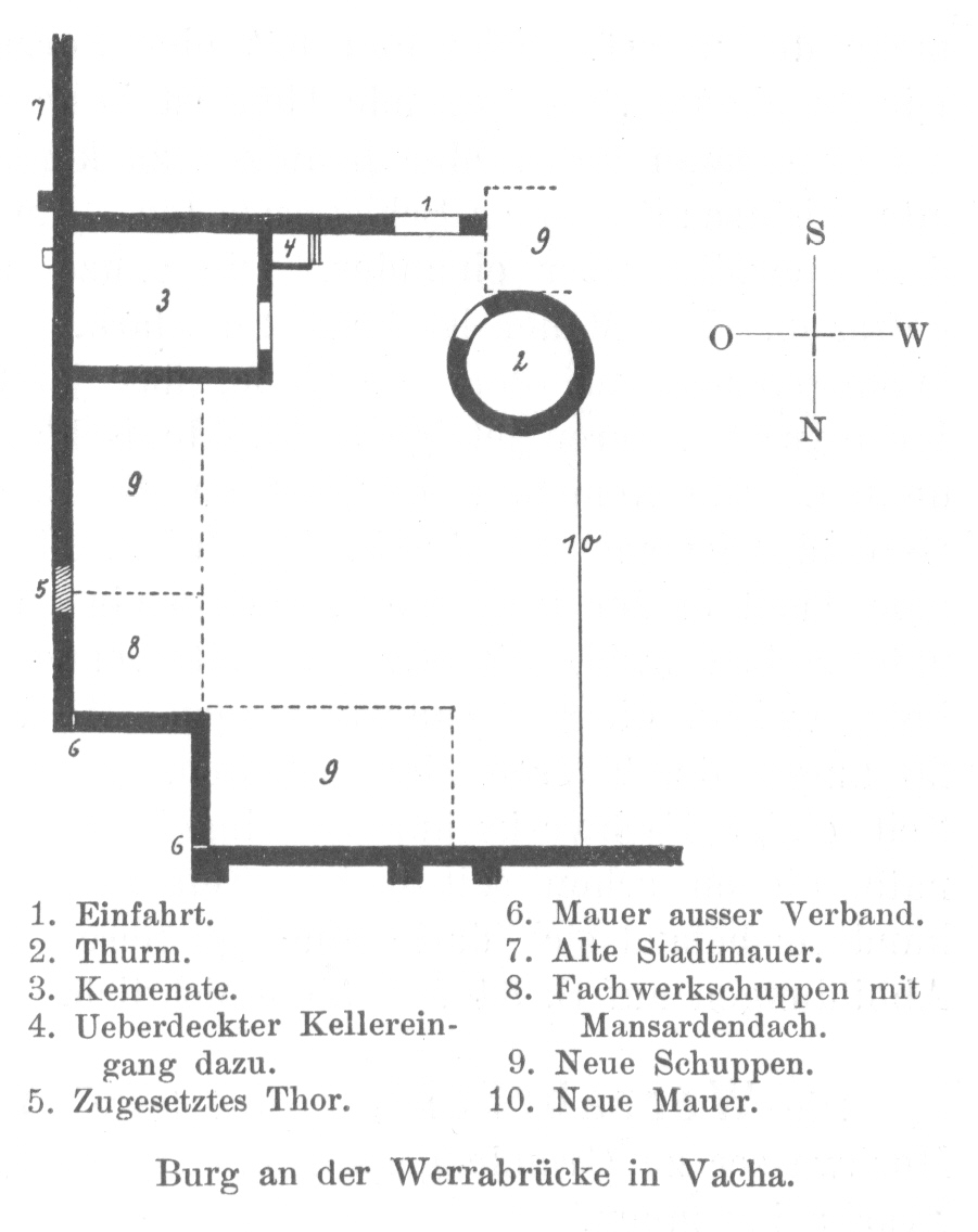 A map of Wendelstein castle in Vacha.
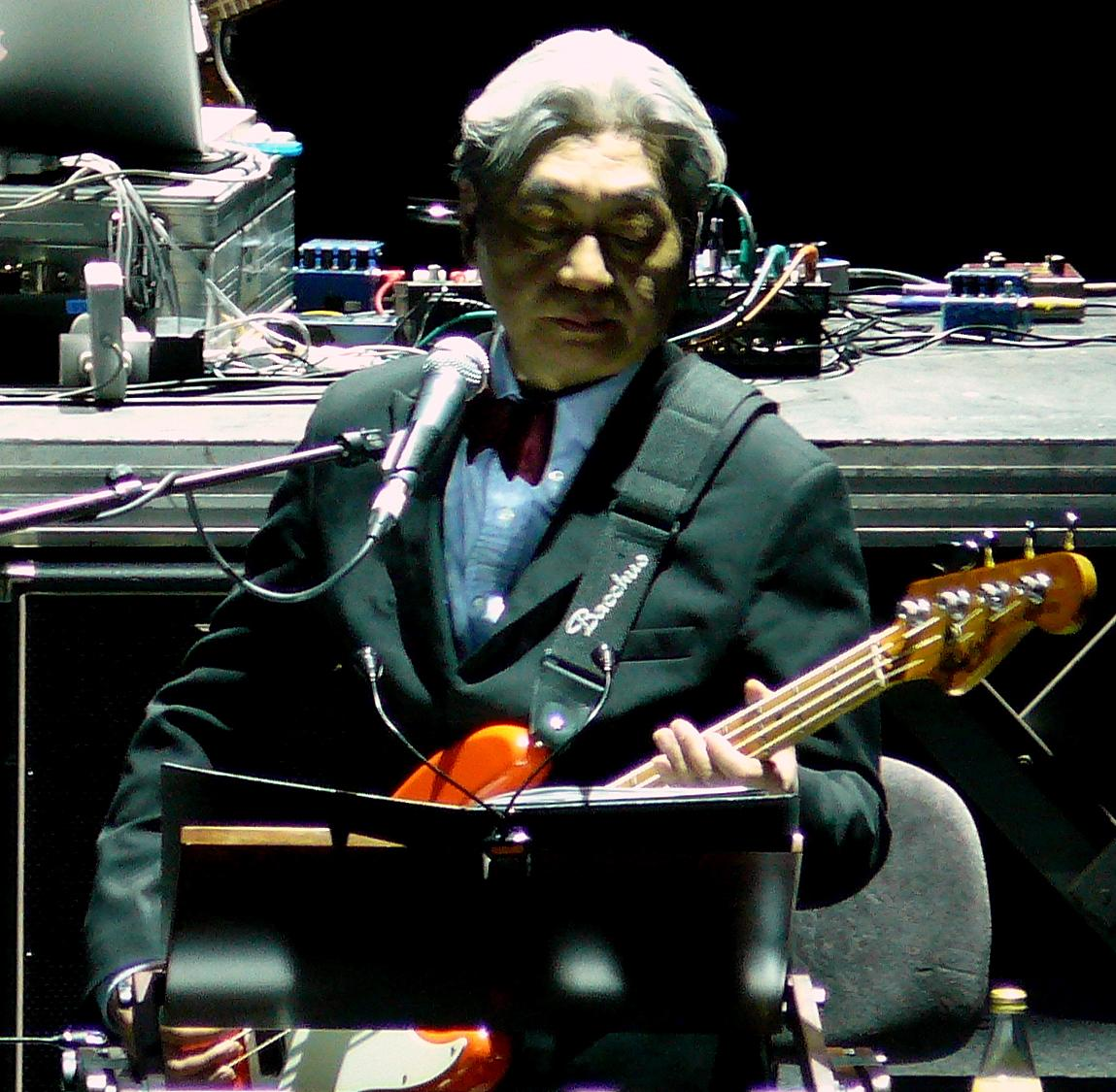 Bass player Haruomi Hosono playing a London concert with Yellow Magic Orchestra in 2008
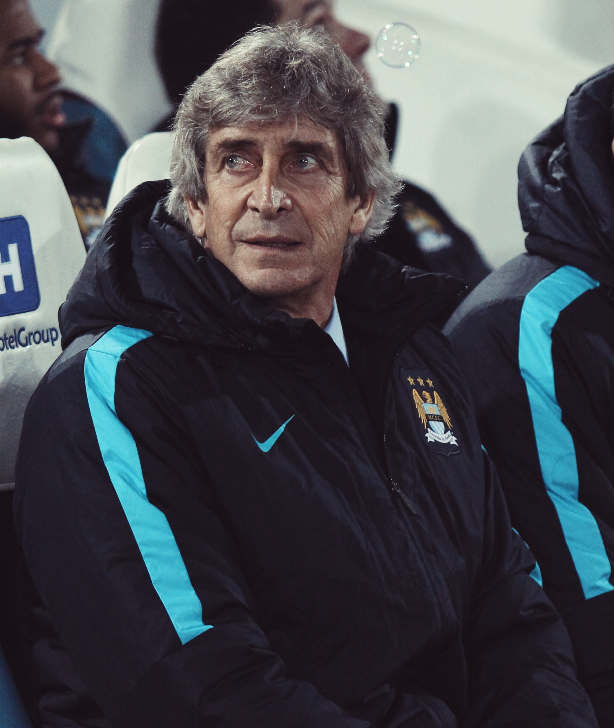 Manchester City manager Manuel Pellegrini before the game against West Ham.
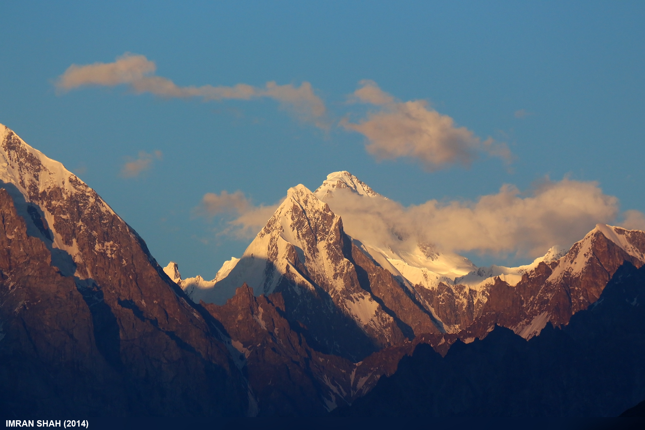 Trivor (7577 m) in the background, viewed from Aliabad
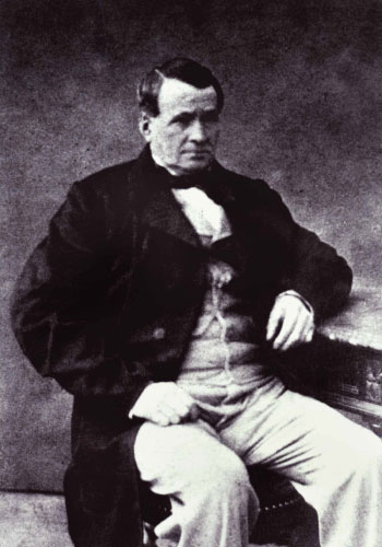 Thierry Hermès (1801-1878), founder of Hermès. He was born in Krefeld, Prussia and moved to Paris at age 13.
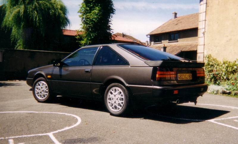 Silvia S12
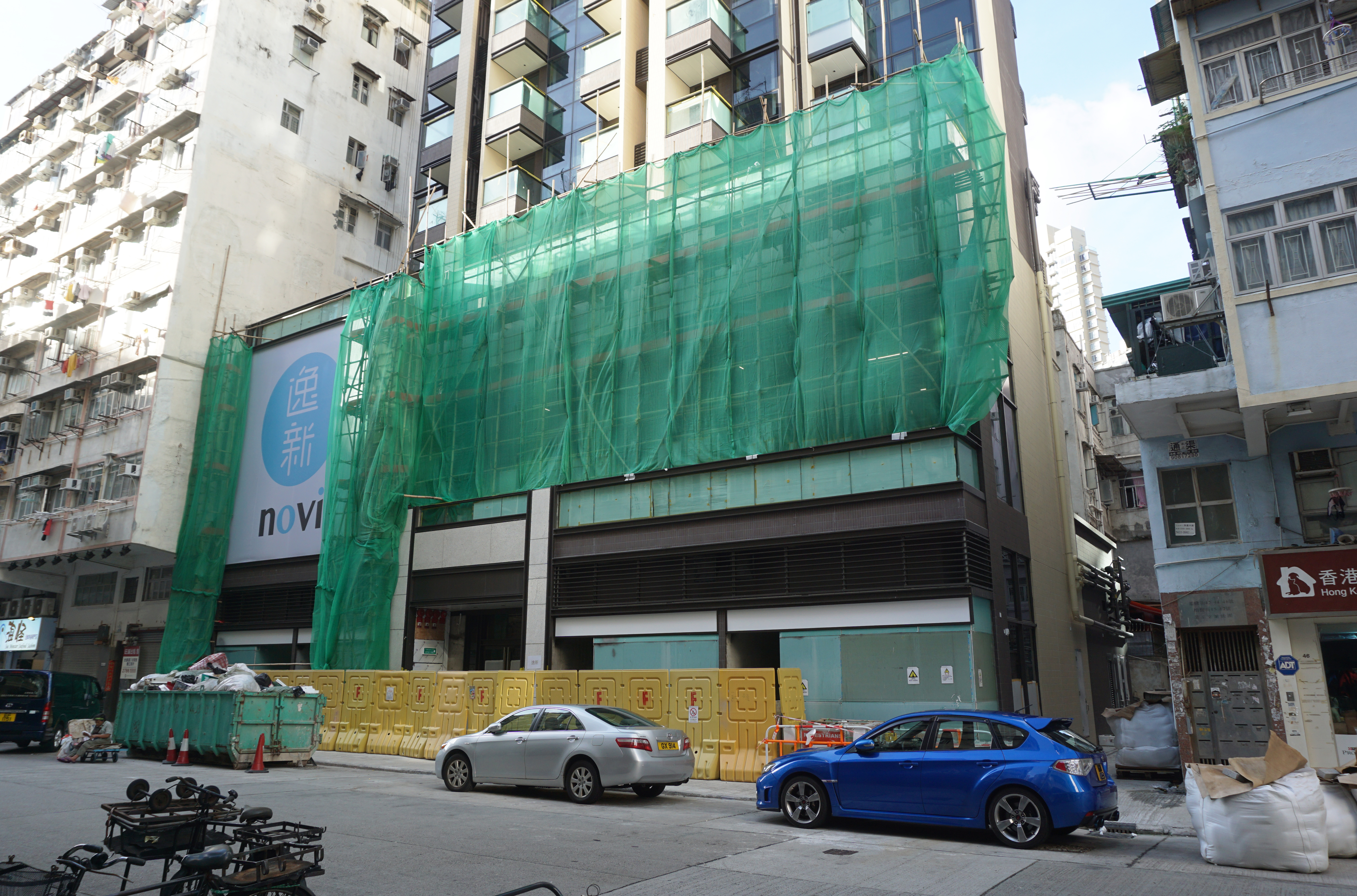 Novi in Prince Edward, Hong Kong.
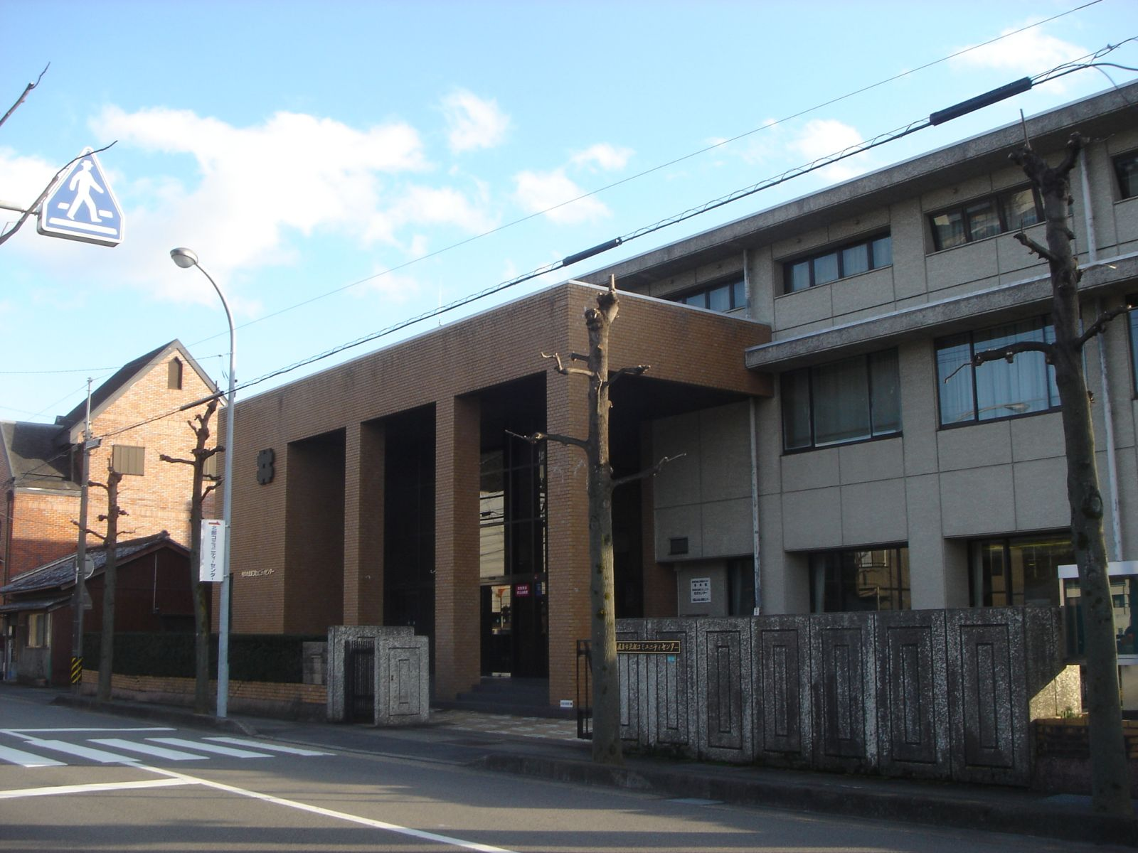 Gifu City Hokubu Community Center（岐阜市北部コミュニティセンター）,Gifu,Gifu,Japan(岐阜県岐阜市八代1丁目)で撮影。
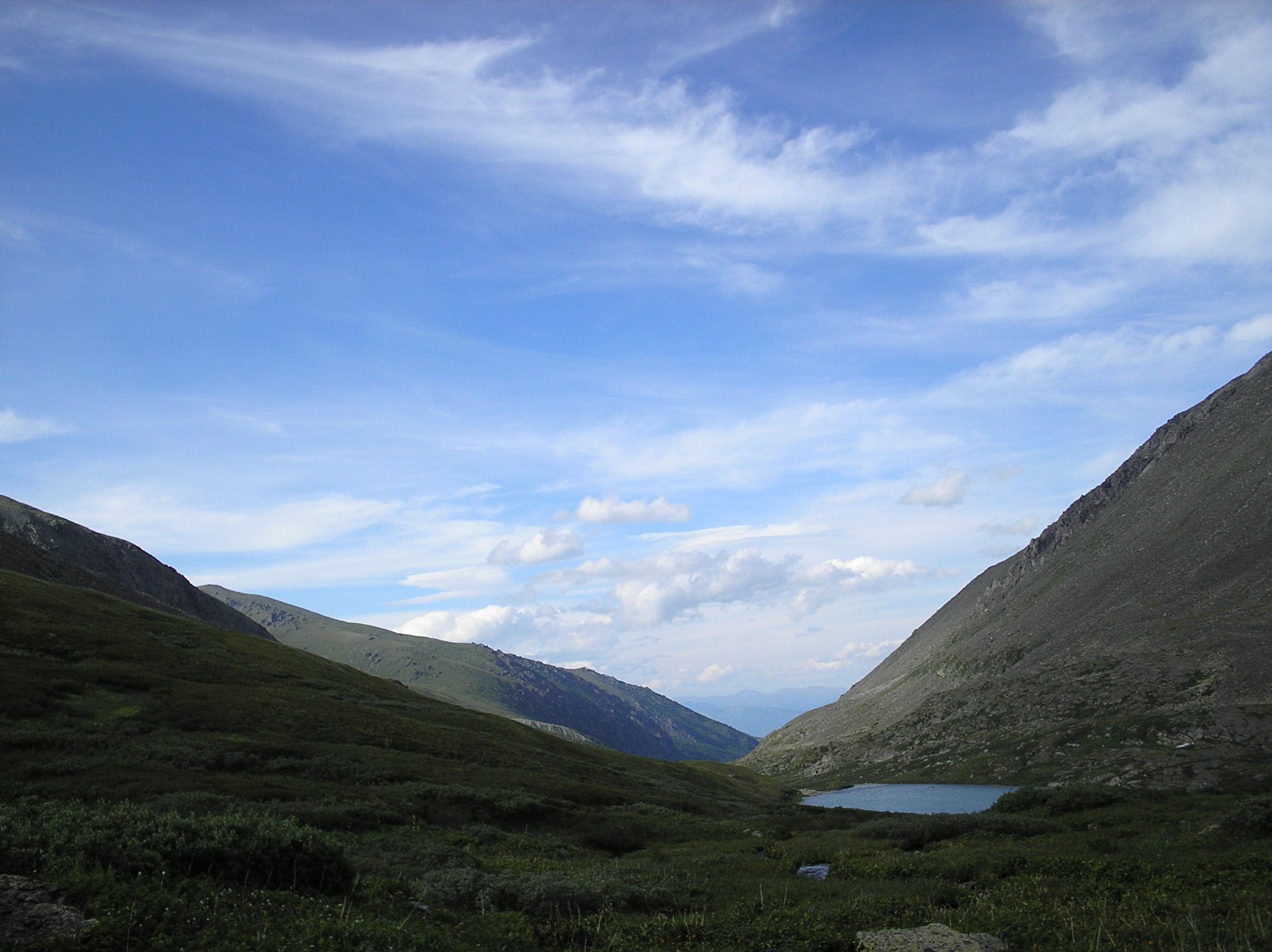 Valley of Lake Akchan (Ust-Koksinsky District, Altai Republic, Russia)
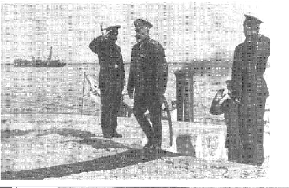 Прибытие генерала Деникина в английскую союзническую миссию, 1919 год, Таганрог
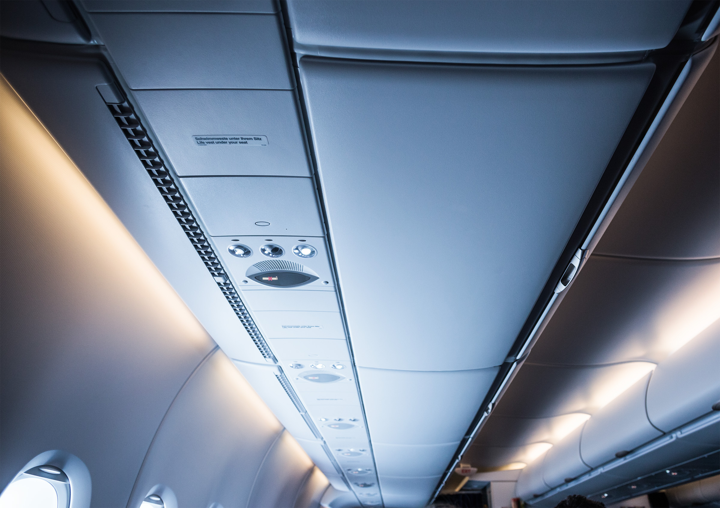 Frankfurt to SFO
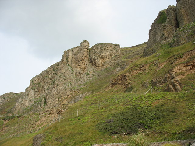 Crags at Maes y facrell
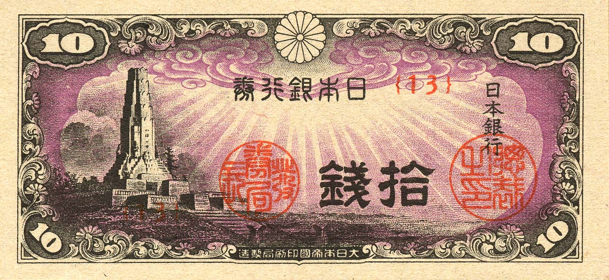 Japanese 10 sen bill Scanned by me
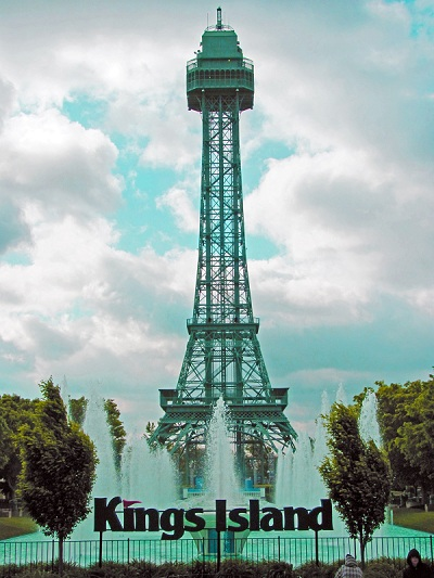 Kings Island's beautiful International Street entrance.

----------

Work request
No pictures should appear in the copy; write out exactly the lines from the one containing "Bass player Haruomi" through the end of the material.

Result below
 Bass player Haruomi Hosono playing a London concert with Yellow Magic Orchestra in 2008
 Manchester City manager Manuel Pellegrini before the game against West Ham.
 Trivor (7577 m) in the background, viewed from Aliabad
 Thierry Hermès (1801-1878), founder of Hermès. He was born in Krefeld, Prussia and moved to Paris at age 13.
 Silvia S12
 Novi in Prince Edward, Hong Kong.
 Gifu City Hokubu Community Center（岐阜市北部コミュニティセンター）,Gifu,Gifu,Japan(岐阜県岐阜市八代1丁目)で撮影。
 Valley of Lake Akchan (Ust-Koksinsky District, Altai Republic, Russia)
 Прибытие генерала Деникина в английскую союзническую миссию, 1919 год, Таганрог
 Frankfurt to SFO
 Crags at Maes y facrell
 Japanese 10 sen bill Scanned by me
 Kings Island's beautiful International Street entrance.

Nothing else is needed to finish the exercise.